Simon Called Peter eBook

This eBook from the Gutenberg Project consists of approximately 447 pages of information about Simon Called Peter.

The older man smiled an answer, and the door closed.  Then he sighed a little, and stretched out his hand again for the Bible.

CHAPTER VI

The great central ward at No. 1 Base Hospital looked as gay as possible.  In the centre a Guard’s band sat among palms and ferns, and an extemporised stage, draped with flags, was behind, with wings constructed of Japanese-figured material.  Pretty well all round were the beds, although many of them had been moved up into a central position, and there was a space for chairs and forms.  The green-room had to be outside the ward, and the performers, therefore, came and went in the public gaze.  But it was not a critical public, and the men, with a plenitude of cigarettes, did not object to pauses.  On the whole, they were extraordinarily quiet and passive.  Modern science has made the battlefield a hell, but it has also made the base hospital something approaching a Paradise.

There were women in plenty.  The staff had been augmented by visitors from most of the other hospitals in the town, and there was a fair sprinkling of W.A.A.C.’s, Y.M.C.A. workers, and so on, in addition.  Jack Donovan and Peter were a little late, and arrived at the time an exceedingly popular subaltern was holding the stage amid roars of laughter.  They stood outside one of the many glass doors and peered in.

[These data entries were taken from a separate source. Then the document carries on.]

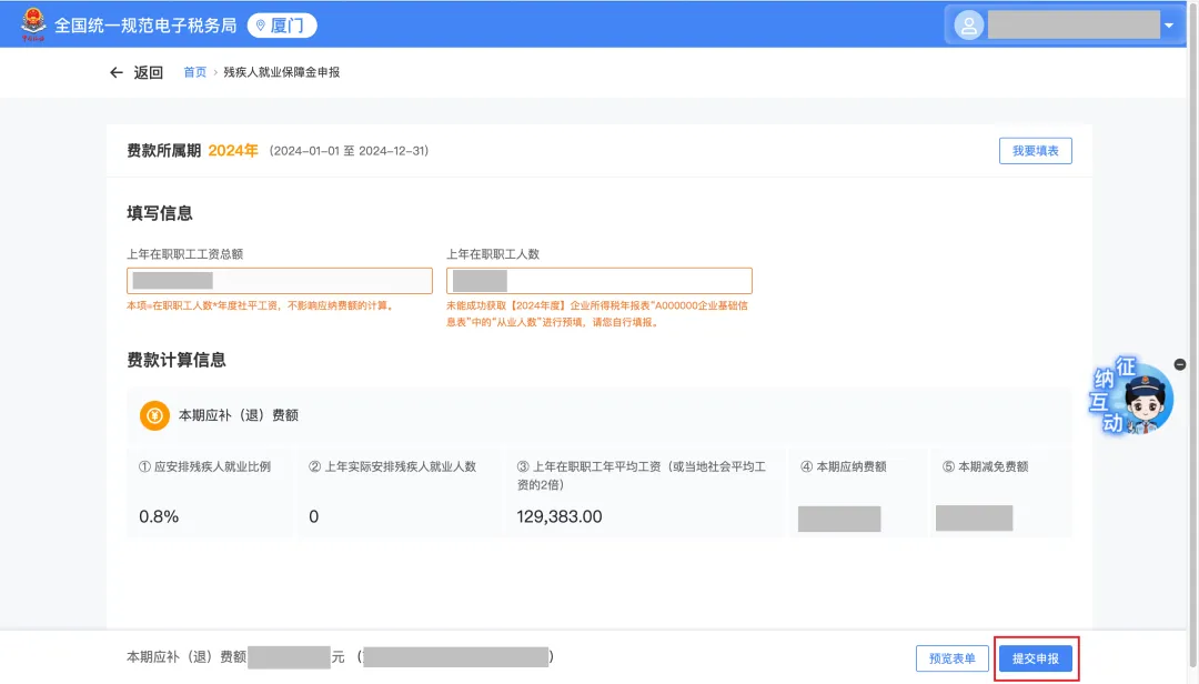 “上年在职职工人数”填写或确认完毕后,进一步确认“本期应纳费额”、“本期减免费额”以及“本期应补(退)费额”。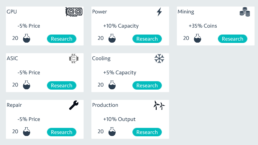 In this update, we have redesigned the research tree. While still having price decrease research for GPU and ASIC, hash-rate research is completely removed from the tree. If you continue from a previous save file, you don’t lose your research points but the previously completed research is erased from the save files.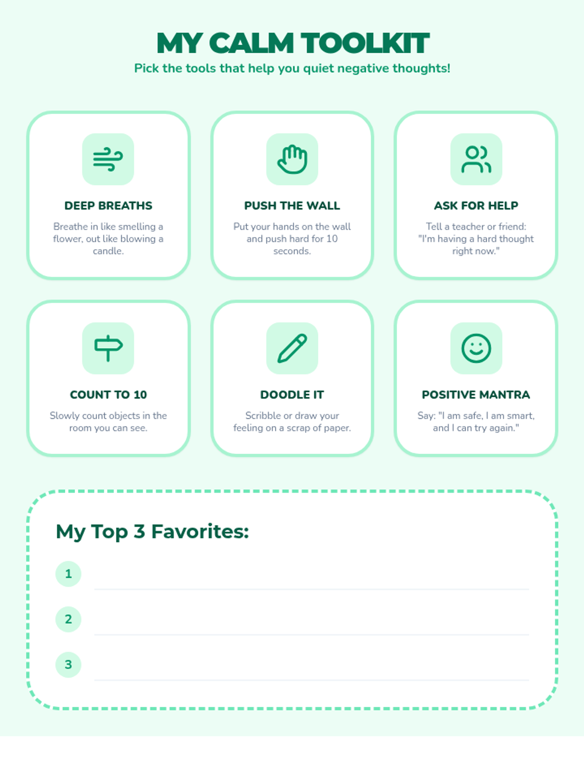 A 6-session counseling group designed to help students identify triggers, understand physical symptoms of anxiety, and build a personalized toolkit of coping strategies through a 'Calm Explorer' theme.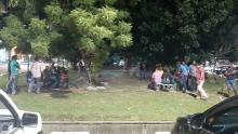 Padieboeren niet akkoord met SRD 2.000 vergoeding per ha 01 aug 2024 - 05:00Padieboeren in de nacht op het Brassaplein bij het districtscommissariaat in Nieuw Nickerie. Zij bivakkeren daar sinds dinsdag. Rechts in blauw, een van de woordvoerders, Sandjai Sahadew.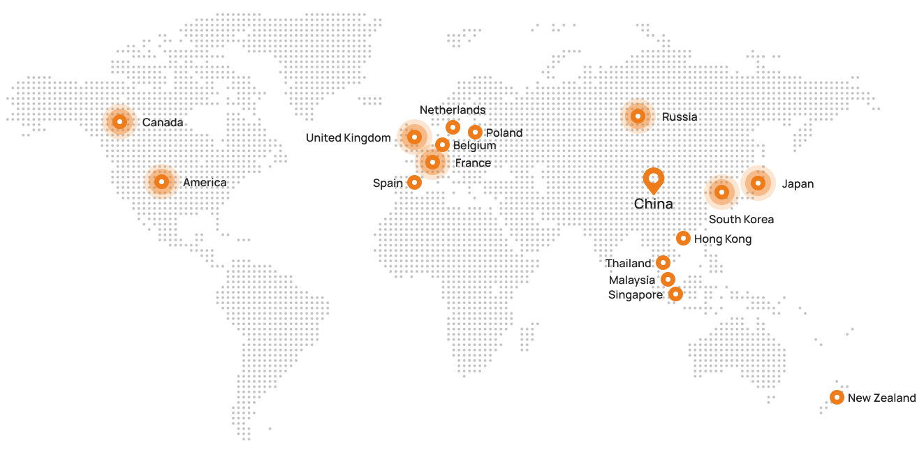 Actualmente, nuestros productos se venden a Estados Unidos, Canadá, Reino Unido, Francia, Bélgica, Polonia, Nueva Zelanda, España, Países Bajos, Corea del Sur, Japón, Rusia, Tailandia, Malasia, Singapur y Hong Kong. Centrándonos en la calidad, el precio, el servicio y la entrega, ofrecemos continuamente snacks para mascotas de alta calidad, sostenibles, saludables y nutritivos a clientes de todo el mundo.

Once inside, one had to make one’s way among beds and chairs, and the nature of things brought one into rather more than the usual share of late-comers’ scrutiny, but nothing could abash Donovan.  He spotted at once a handsome woman in nurse’s indoor staff uniform, and made for her.  She, with two others, was sitting on an empty bed, and she promptly made room for Donovan.  Graham was introduced, and a quiet girl moved up a bit for him to sit down; but there was not much room, and the girl would not talk, so that he sat uncomfortably and looked about him, listening with one ear to the fire of chaff on his right.  Donovan was irrepressible.  His laugh and voice, and the fact that he was talking to a hospital personage, attracted a certain amount of attention.  Peter tried to smile, but he felt out of it and observed.  He stared up towards the band, which was just striking up again.

Suddenly he became conscious, as one will, that someone was particularly looking at him.  He glanced back over the chairs, and met a pair of eyes, roguish, laughing, and unquestionably fixed upon him.  The moment he saw them, their owner nodded and telegraphed an obvious invitation.  Peter glanced at Donovan:  he had not apparently seen.  He looked back; the eyes called him again.  He felt himself getting hot, for, despite the fact that he had a kind of feeling that he had seen those eyes before, he was perfectly certain he did not know the girl.  Perhaps she had made a mistake.  He turned resolutely to his companion.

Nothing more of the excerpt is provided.